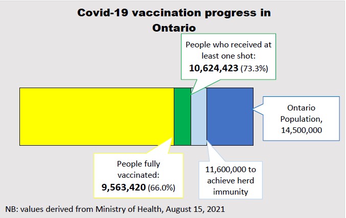 With the largest vaccination campaign underway, the province has administered more than 20.1 million doses into the arms of Ontarians. On August 15, numbers released by the Ministry of Health show health officials administered 40,907 vaccine doses on Sunday, down from 50,343 doses the day prior.
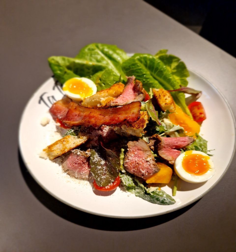 мікс салату, ростбіф, томати чері, гауда, чіпси бекону, сухарі, соус цезар
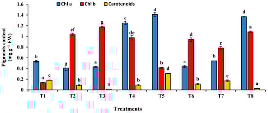 Chlorophyll (Chl) a, Chl b and carotenoids content in fresh leaves of Triticum aestivum plants grown on mixtures of sandy soil and sewage sludge and the same treatment mixed with T. pinophilus. 100% sandy soil (T1), 75% sandy soil + 25% sewage sludge (T2), 50% sandy soil + 50% sewage sludge (T3), 25% sandy soil + 75% sewage sludge (T4), 100% sandy soil + T. pinophilus (T5), 75% sandy soil + 25% sewage sludge + T. pinophilus (T6), 50% sandy soil + 50% sewage sludge + T. pinophilus (T7), 25% sandy soil + 75% sewage sludge + T. pinophilus (T8). Data are means ± SE, n = 3. Different letters indicate significant differences between treatments at p < 0.05 according to Duncan test. FW, fresh weight.
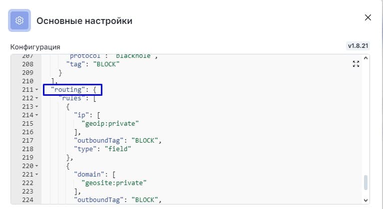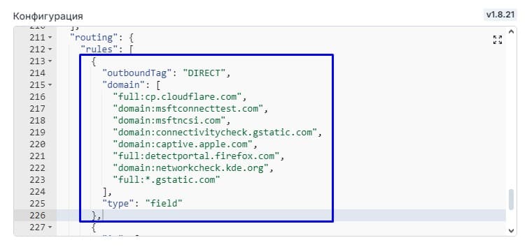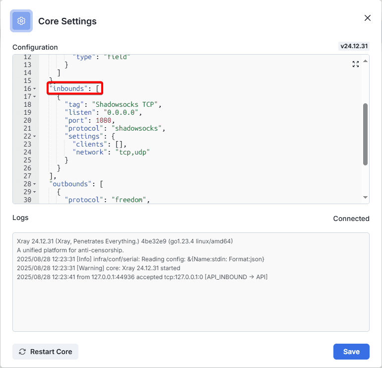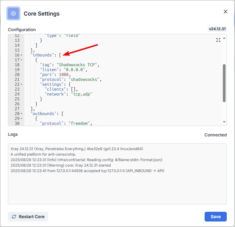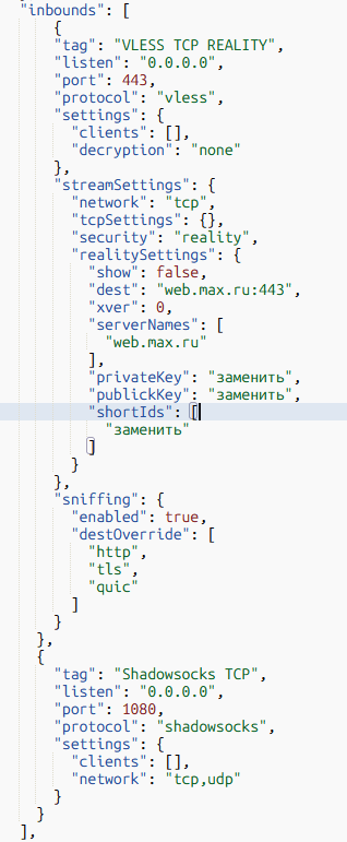 We observe that in the "Inbounds" block there are only TCP Shadowsocks, add VLESS TCP Reality to the beginning of the block after the square bracket
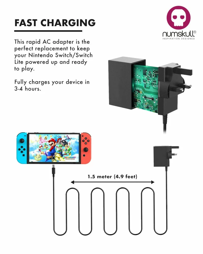 Need a spare mains adapter for your Nintendo Switch console (or any other USB C phone or device), or just want an extra one to keep in another room or in your bag? This handy UK compatible plug will help you fast-charge your beloved console anywhere with a socket!
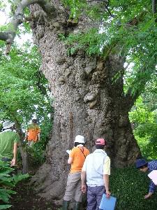 サイカチとは、マメ科の落葉高木で、写真の木は、太さ6m、枝張り17m、高さ15mの巨木。
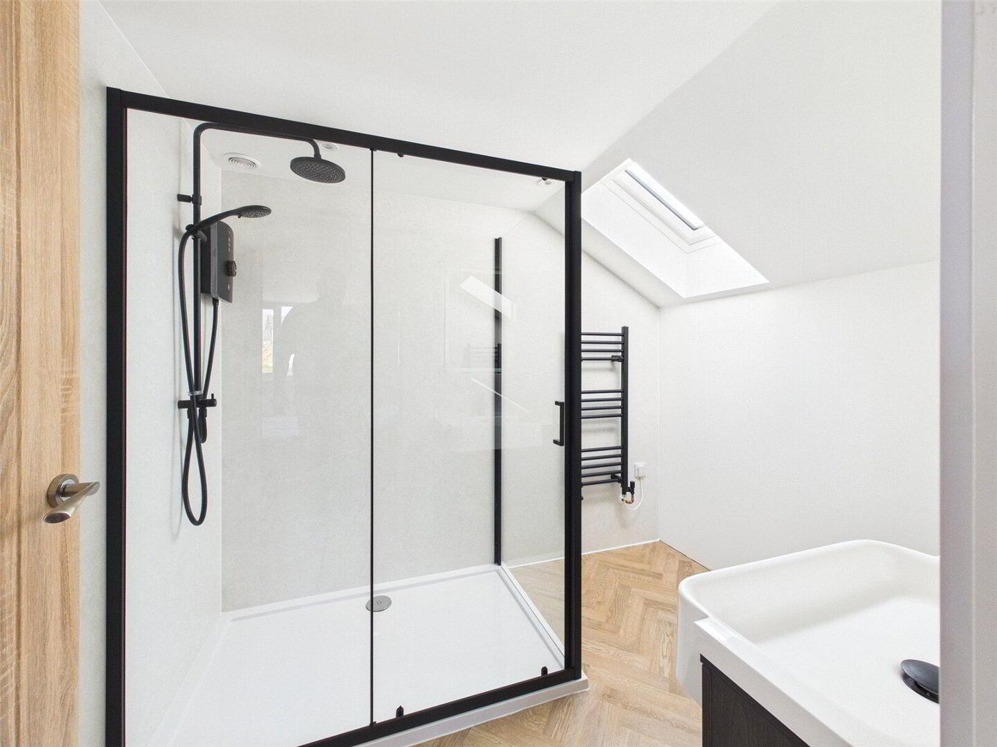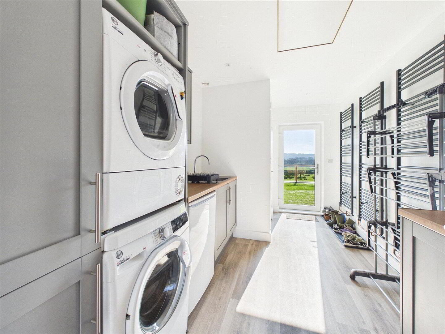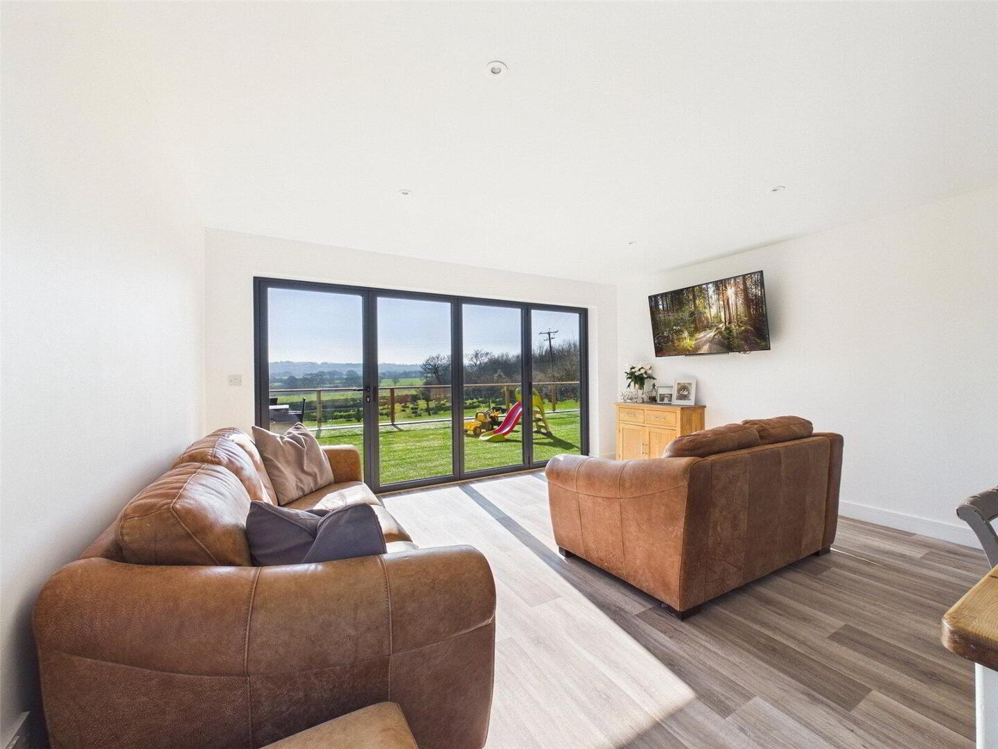At the heart of the home is a superb open-plan kitchen, dining and living area, designed to create a light-filled and sociable living space. The contemporary kitchen features acrylic stone worktops, high-quality cabinetry and a range of integrated appliances. The room offers ample space for both dining and seating areas, with bi-fold doors opening onto the terrace and enjoying delightful views across the surrounding countryside. A separate reception room provides a more intimate and cosy sitting area, with French doors leading out to the rear garden.

----------

Output must match the lines from the start of the records above through the line that contains "мікс салату, ростбіф, томати", exactly and with every picture removed.

#### [Exercise response]
 With the largest vaccination campaign underway, the province has administered more than 20.1 million doses into the arms of Ontarians. On August 15, numbers released by the Ministry of Health show health officials administered 40,907 vaccine doses on Sunday, down from 50,343 doses the day prior.
 мікс салату, ростбіф, томати чері, гауда, чіпси бекону, сухарі, соус цезар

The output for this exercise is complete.